About this task: For this exercise, write out only the lines of the entries below from the one with "EDUHUB, ИИТО ЮНЕСКО, Бюро" up to and including the one with "This 3-piece mid", exactly as they are. Pictures stay out.

Data shown:
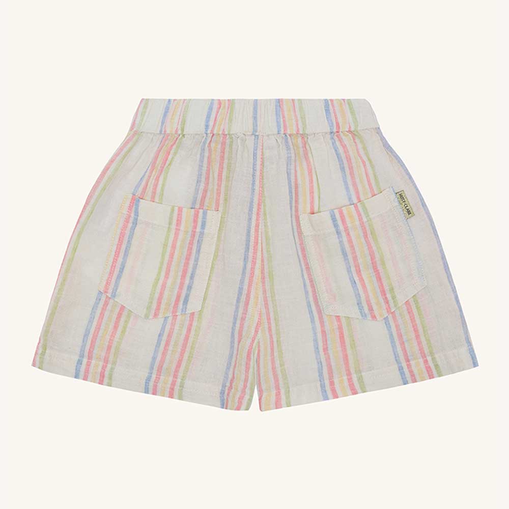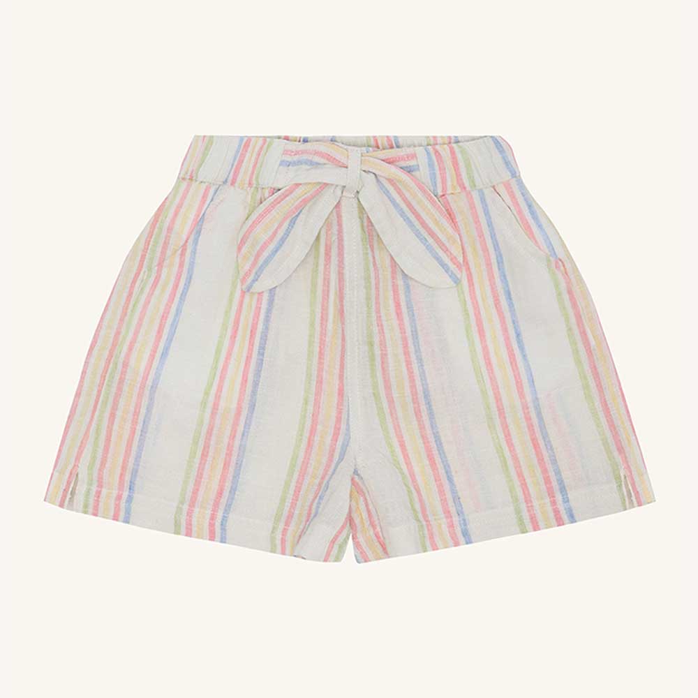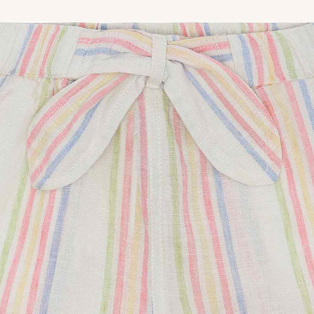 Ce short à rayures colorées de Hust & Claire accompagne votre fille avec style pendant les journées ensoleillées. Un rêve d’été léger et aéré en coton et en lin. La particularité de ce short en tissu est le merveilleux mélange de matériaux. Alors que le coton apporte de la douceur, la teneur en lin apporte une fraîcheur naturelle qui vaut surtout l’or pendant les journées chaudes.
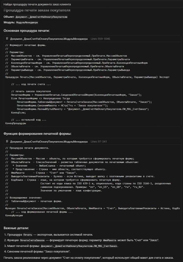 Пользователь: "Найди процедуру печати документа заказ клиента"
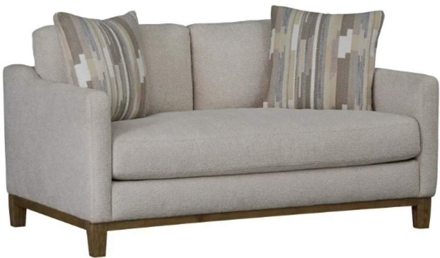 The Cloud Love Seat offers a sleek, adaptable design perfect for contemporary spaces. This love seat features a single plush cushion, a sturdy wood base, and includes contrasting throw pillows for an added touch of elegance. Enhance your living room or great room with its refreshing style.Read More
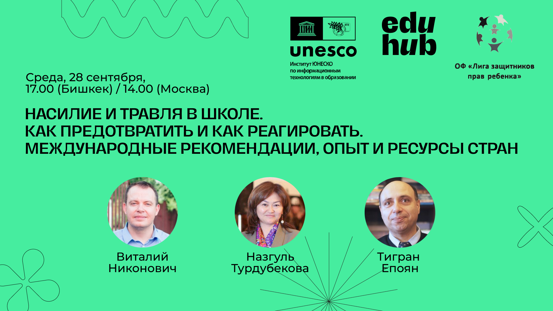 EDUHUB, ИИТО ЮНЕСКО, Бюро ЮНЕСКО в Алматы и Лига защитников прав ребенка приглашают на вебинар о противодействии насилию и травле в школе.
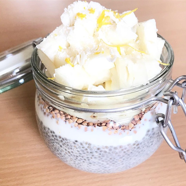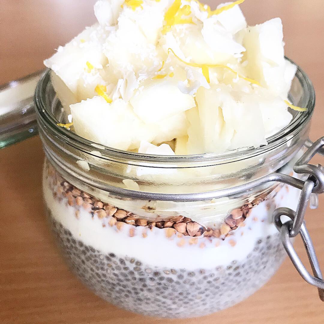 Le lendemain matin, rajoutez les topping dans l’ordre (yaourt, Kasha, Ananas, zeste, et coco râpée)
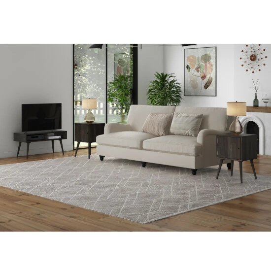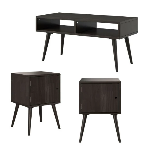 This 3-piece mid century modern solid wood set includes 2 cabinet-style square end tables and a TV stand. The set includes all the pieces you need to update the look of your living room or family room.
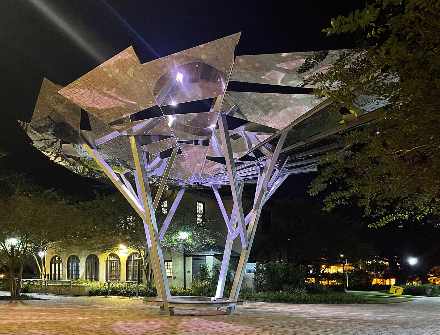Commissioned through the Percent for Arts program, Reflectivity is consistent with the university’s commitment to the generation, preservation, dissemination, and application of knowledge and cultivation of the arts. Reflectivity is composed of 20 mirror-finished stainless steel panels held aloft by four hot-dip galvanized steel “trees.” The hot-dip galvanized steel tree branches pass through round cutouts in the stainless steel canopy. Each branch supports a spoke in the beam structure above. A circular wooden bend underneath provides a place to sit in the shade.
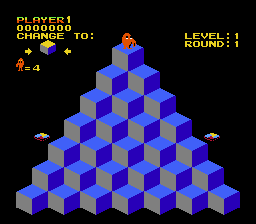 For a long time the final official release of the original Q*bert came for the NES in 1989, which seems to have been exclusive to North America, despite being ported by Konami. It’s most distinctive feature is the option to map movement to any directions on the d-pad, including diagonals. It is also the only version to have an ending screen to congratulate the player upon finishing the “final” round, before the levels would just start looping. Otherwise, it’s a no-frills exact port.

* * *

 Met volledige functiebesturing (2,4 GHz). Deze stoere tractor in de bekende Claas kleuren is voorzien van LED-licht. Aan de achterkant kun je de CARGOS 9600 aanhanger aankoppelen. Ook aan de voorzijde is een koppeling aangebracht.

==

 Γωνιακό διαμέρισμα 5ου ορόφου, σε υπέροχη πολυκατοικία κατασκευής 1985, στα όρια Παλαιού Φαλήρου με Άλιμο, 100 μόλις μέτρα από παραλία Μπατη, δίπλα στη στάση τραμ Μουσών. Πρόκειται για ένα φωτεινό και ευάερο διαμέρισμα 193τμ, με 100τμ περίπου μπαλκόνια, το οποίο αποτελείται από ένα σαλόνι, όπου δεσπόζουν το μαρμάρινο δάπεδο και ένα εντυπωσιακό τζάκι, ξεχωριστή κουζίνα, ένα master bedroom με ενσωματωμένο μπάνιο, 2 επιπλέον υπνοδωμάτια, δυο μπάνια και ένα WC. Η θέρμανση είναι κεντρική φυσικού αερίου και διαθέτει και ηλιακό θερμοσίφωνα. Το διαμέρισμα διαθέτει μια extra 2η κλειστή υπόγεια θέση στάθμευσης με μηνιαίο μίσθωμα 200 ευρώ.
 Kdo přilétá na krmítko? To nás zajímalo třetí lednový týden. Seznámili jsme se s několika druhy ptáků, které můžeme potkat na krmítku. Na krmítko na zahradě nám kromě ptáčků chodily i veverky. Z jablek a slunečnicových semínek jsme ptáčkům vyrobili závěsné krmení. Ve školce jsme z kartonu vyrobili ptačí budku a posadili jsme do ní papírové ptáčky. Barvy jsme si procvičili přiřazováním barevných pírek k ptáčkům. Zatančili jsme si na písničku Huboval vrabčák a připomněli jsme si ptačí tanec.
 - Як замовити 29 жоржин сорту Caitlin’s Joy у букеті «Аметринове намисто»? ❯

Exercise answer:
 EDUHUB, ИИТО ЮНЕСКО, Бюро ЮНЕСКО в Алматы и Лига защитников прав ребенка приглашают на вебинар о противодействии насилию и травле в школе.
 Le lendemain matin, rajoutez les topping dans l’ordre (yaourt, Kasha, Ananas, zeste, et coco râpée)
 This 3-piece mid century modern solid wood set includes 2 cabinet-style square end tables and a TV stand. The set includes all the pieces you need to update the look of your living room or family room.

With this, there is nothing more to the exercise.